= Andrew Beveridge Doig =

Scottish minister and missionary

Andrew Beveridge Doig (18 September 1914 - 21 December 1997) was a Scottish minister and African missionary of the Church of Scotland who served as Moderator of the General Assembly in 1981/2.

==Life==
He was born in Carluke on 18 September 1914 the son of George Doig, a railway clerk, originally from Kirriemuir, and his wife Hannah Andrew Beveridge. He was educated at Hyndland Secondary School in Glasgow and attended the Broomhill Church there. He then studied Arts and Divinity at Glasgow University graduating BD around 1936. He then did postgraduate study at the Union Theological Seminary in New York City in the USA. Under the influence of his mother and the evangelist, D. P. Thomson, he was ordained as a Church of Scotland missionary in 1938, and sought to spread Christianity in Africa.

In April 1939 he went to Blantyre, Nyasaland to do missionary work for various churches. At the advent of the Second World War he became Army Chaplain to the King's African Rifles and served in Ethiopia and Kenya. In 1946 he became part of Nyasaland's Legislative Council.

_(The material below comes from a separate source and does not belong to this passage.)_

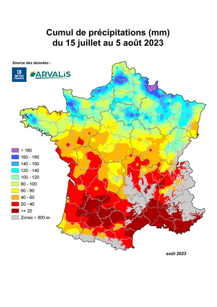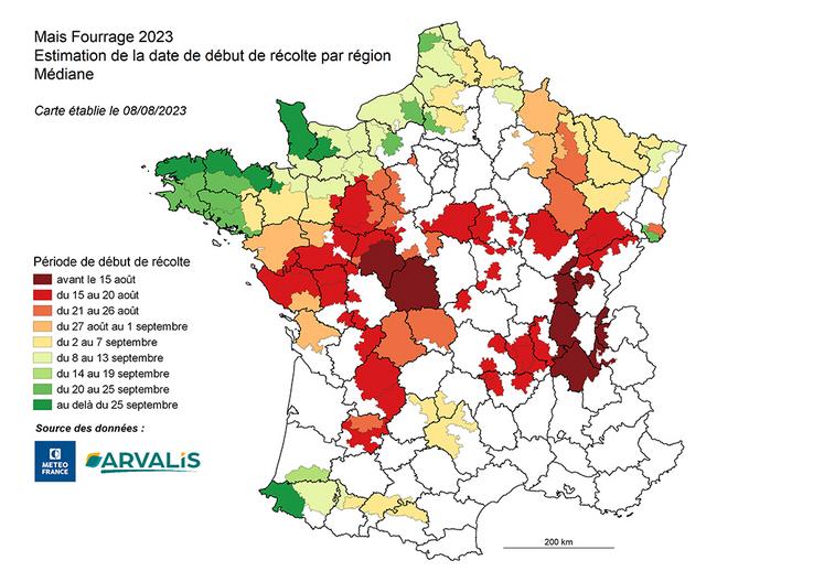 Pour chaque secteur, les experts d’Arvalis ont défini le groupe de précocité dominant et la date médiane des semis 2023. Avec les données météorologiques de l’année en cours et les données statistiques sur les semaines à venir, il est possible de prévoir une période à laquelle le stade optimal de récolte, autour de 32-33 % de MS plante entière, sera atteint. Cette carte prend en compte la météo réelle jusqu’au 7 août et sept jours de météo prévisionnelle.

In 1951 he met Hastings Banda in Nyasaland. Although originally seeing Banda as a good influence he ultimately ended in opposition to him when he was famously a Church of Scotland envoy asking for clemency at the trial of Orton Chirwa. This resulted in the death sentence being changed to life imprisonment.

In 1953 he was briefly a Member of Parliament for the short-lived Federation of Rhodesia and Nyasaland.

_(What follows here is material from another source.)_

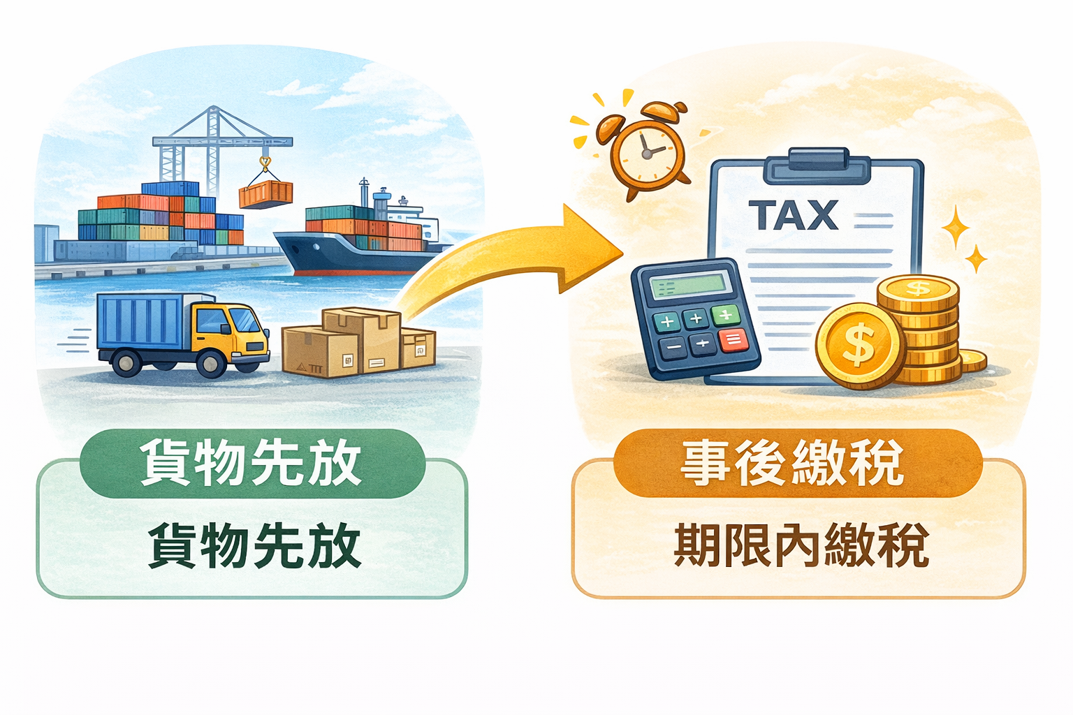 進口貨物「先放後稅」是指經海關核准的進口納稅義務人,提供擔保(現金、銀行保證書等)後,進口貨物可先放行提貨,再於稅費繳納證送達之翌日起 14 日內繳納稅費。此制度能加速通關、提升資金運用效率,適用於一般進口案件,且擔保額度可重複循環使用。

From 1962 to 1972 he was minister of Kings Park Church in Dalkeith. From 1972 to 1981 he was General Secretary of the National Bible Society of Scotland. He was an Executive Committee Member (representing Europe) for the United Bible Societies.

His role as Moderator came in 1981 immediately after his retirement from the National Bible Society. His most unusual duty during his term of office was to represent the Church of Scotland at the marriage of Prince Charles and Lady Diana. He was succeeded in 1982 by Very Rev John McIntyre.

He died in his cottage at Moulin near Pitlochry on 21 December 1997.

==Publications==
- The Missionary Motive and the Missionary Approach (1939)
- Its People That Count (1997)

==Family==
In 1940 he married fellow-missionary Annie Nicol ("Nan") Carruthers, who died in Nyasaland in 1947. They had one daughter.

In 1950 he married Barbara Young, headmistress of a girls school in Blantyre, Malawi (originally from Leven, Fife) in Leven. They had one son and one daughter.